Eight in ten savings accounts are closed to new customers and therefore classed as “zombies”. Four in ten of these accounts pay 0.5pc or less. And four in ten of these pay less than 0.1pc, Which? said.
Despite such miserable rates, a third of respondents to a survey of 3,824 said they were ambivalent about switching, as rates were so poor, with three quarters claiming banks should do more to help.
There is a huge variance in rates paid on accounts – often with similar sounding names – offered by the same institution.

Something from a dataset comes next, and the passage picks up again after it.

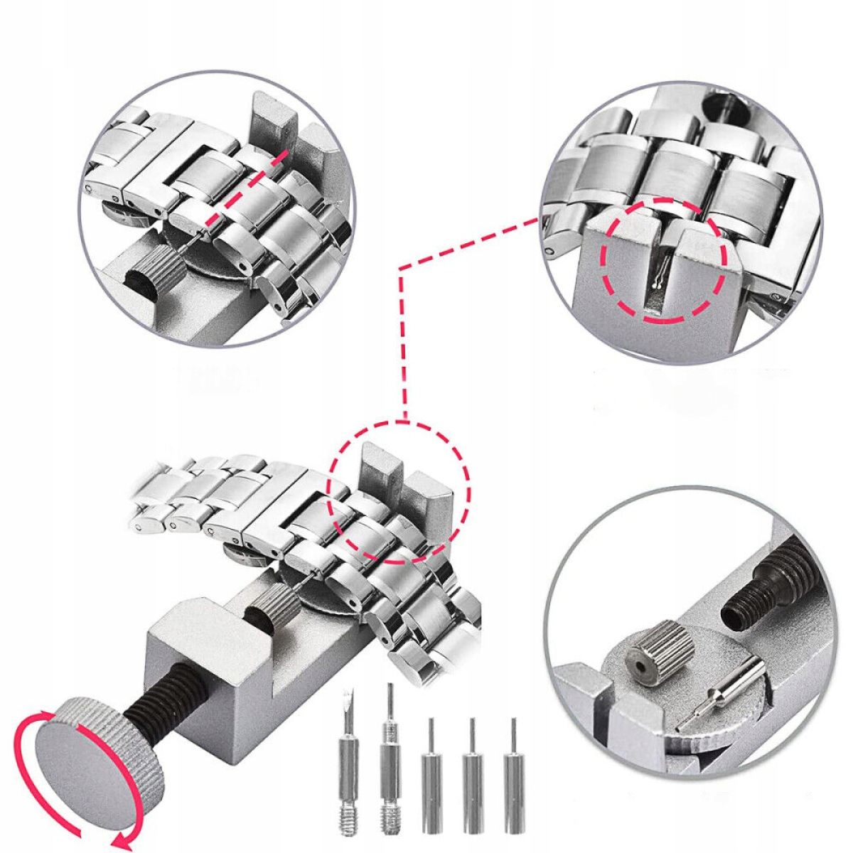 - Например, инструменты для снятия звеньев часов, пружинные стержни (108 шт.), пробойные иглы, открыватели корпусов часов и многое другое. инструменты.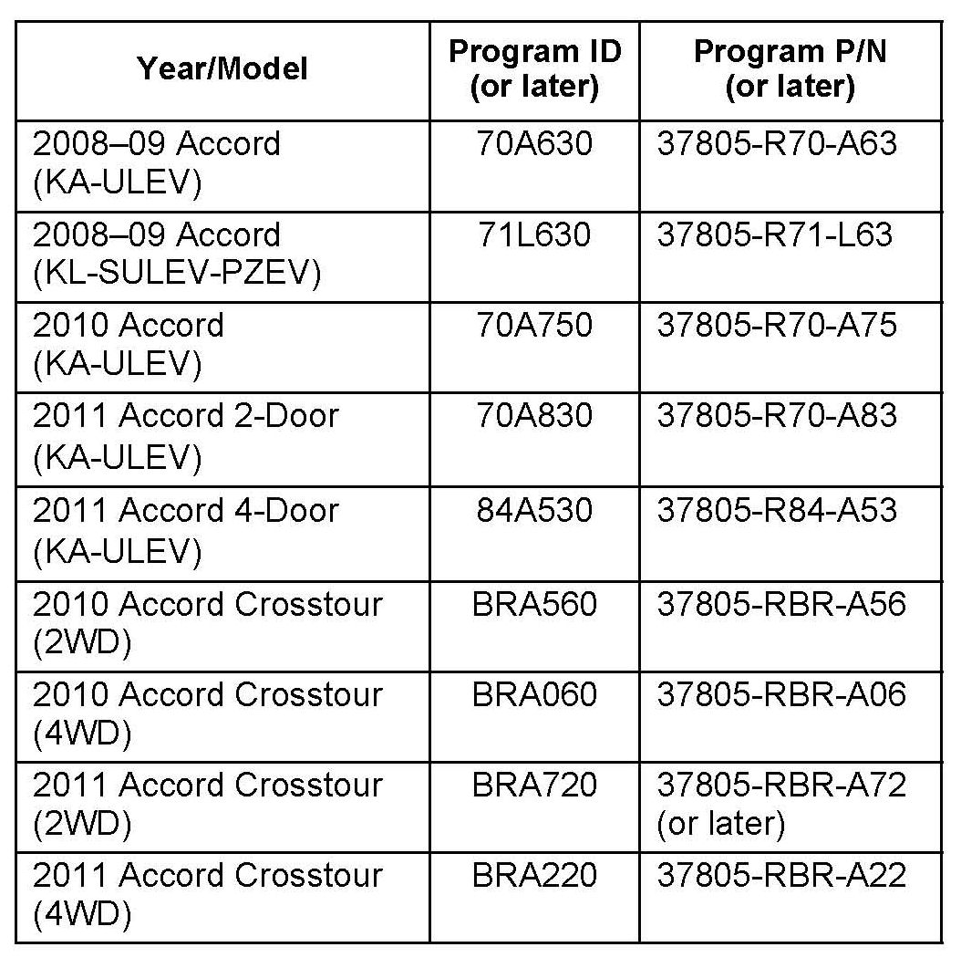 The updated PGM-FI software program IDs and P/Ns are listed below. If the HDS or MVCI is loaded with the latest software, and it displays No Update Needed during the update, the software for this service bulletin is already installed.

The Halifax “Reward Saver” account pays 1.7pc on a balance of £5,000 but its “Saver Reward” pays just 0.1pc. The AA “Internet Saver (Issue 1)” pays 1.36pc, but its “Internet Savings Account (Issue 1)” pays just 0.1pc. The Virgin Money Easy Access E-saver had five different interest rates across 10 versions, Which? said.
Anna Bowes, director of independent advice website savingschampion.co.uk, said savers were also stifled by a poor account transfer process.

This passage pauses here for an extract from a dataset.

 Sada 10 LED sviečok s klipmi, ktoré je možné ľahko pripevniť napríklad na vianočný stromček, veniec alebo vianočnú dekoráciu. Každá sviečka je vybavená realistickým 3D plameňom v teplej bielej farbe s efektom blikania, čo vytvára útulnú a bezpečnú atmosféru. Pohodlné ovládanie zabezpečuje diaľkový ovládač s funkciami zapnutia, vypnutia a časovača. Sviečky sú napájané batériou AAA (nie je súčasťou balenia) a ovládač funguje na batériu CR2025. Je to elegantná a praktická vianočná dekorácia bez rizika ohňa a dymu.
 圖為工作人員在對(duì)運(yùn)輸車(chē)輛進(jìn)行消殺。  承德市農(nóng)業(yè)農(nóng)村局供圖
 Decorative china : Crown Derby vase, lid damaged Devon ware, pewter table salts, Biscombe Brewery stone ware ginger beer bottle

“There is a lack of consistency,” she said. “All providers have their own processes, leading to a lack of confidence in simply moving money from one account to the next.”

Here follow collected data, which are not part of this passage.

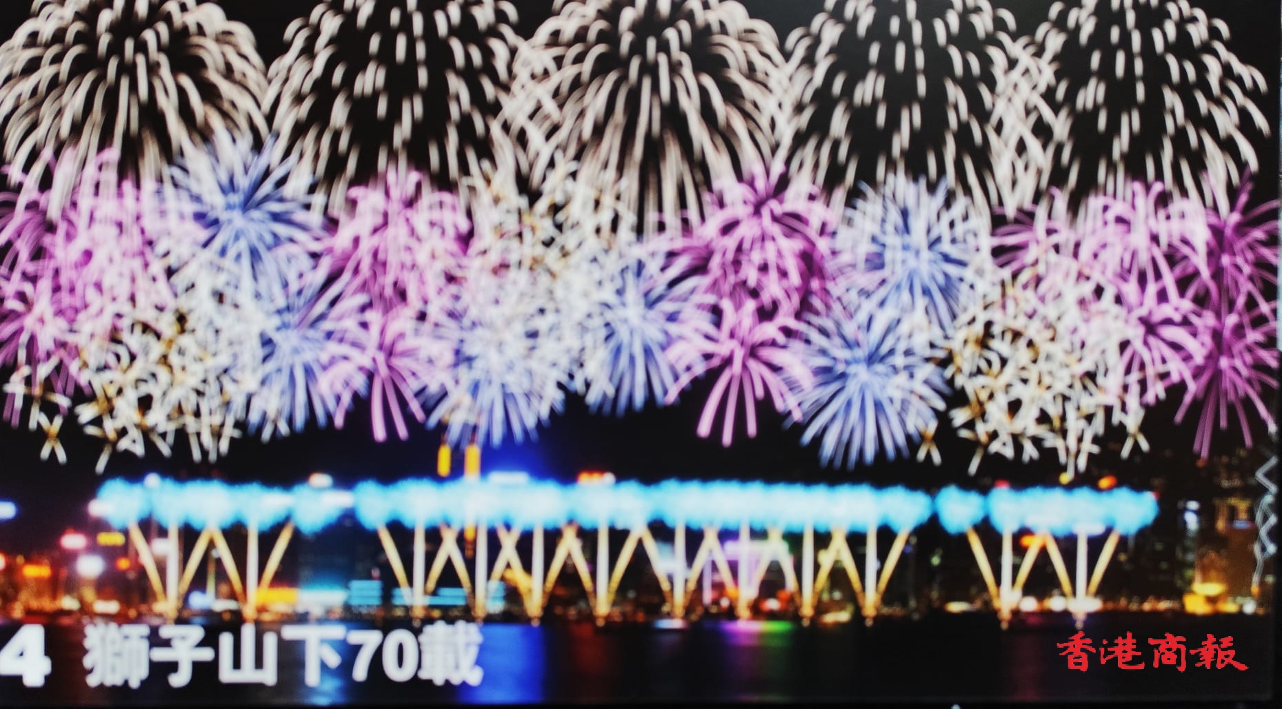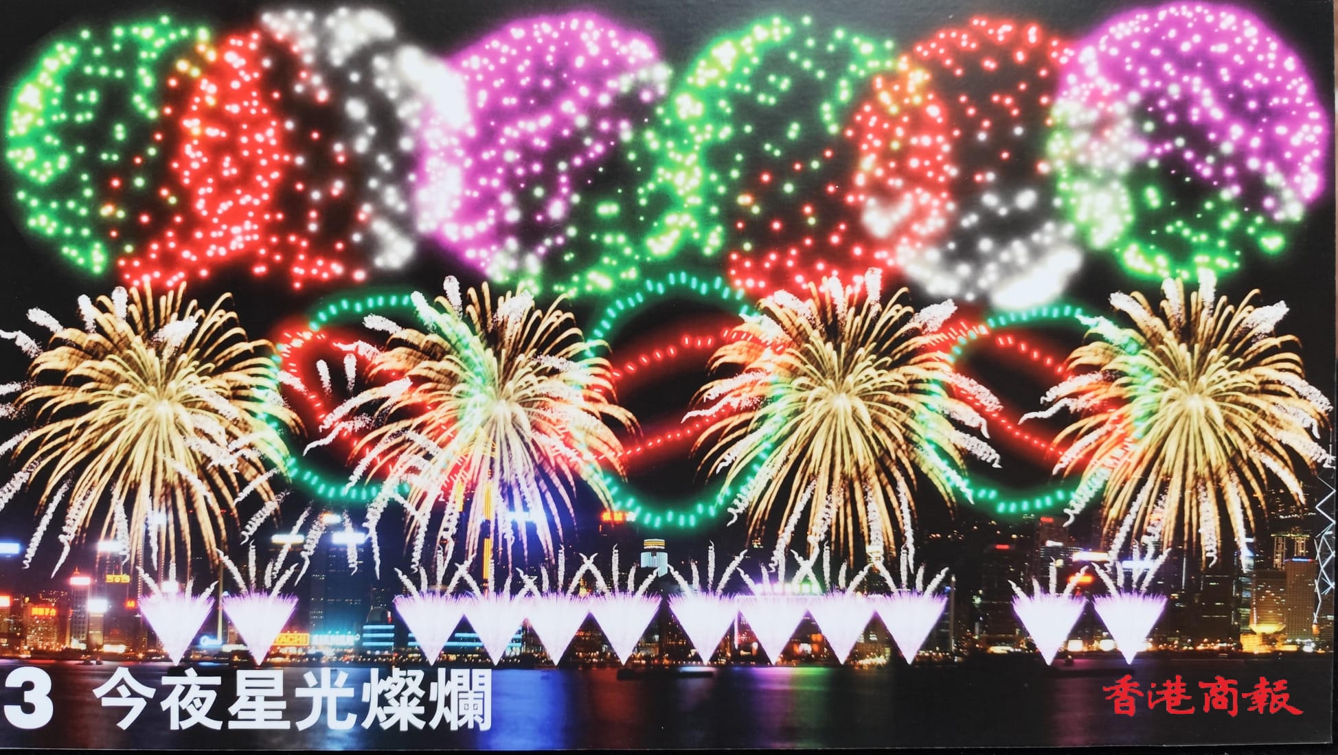 圖為第八幕照片,各種煙花會爭妍鬥麗,在維多利亞港高空綻放。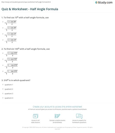 Half Angle Formula Worksheet. The double angle formulas are in terms of the double angles like 2θ, 2a, 2x, etc. Many of these processes need.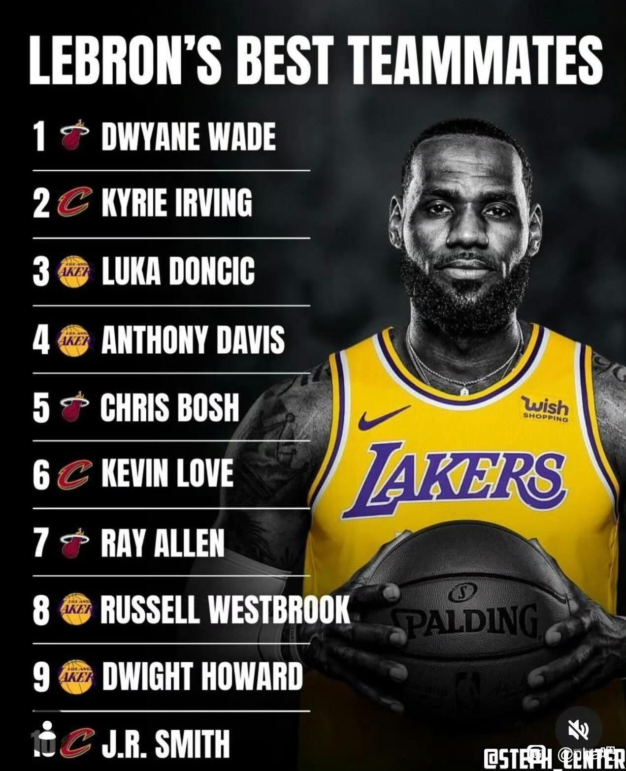 这个终于出来了,詹姆斯队友排名。 韦德第一,欧文第二,东契奇第三。 现在和东契奇还没有夺冠呢,其实东契奇应该实力第一。 有消息詹姆斯回归骑士,米切尔,哈登也进来那更好玩了。[大金牙]

She called for a standardised switching process, mirroring innovation in the current account market, where customers can now switch banks within seven days.
“You should simply tell your new provider details of your existing account and they should do the hard work for you,” Ms Bowes said, citing her company’s experience in running a concierge service, in which the company handles switches daily on behalf of customers.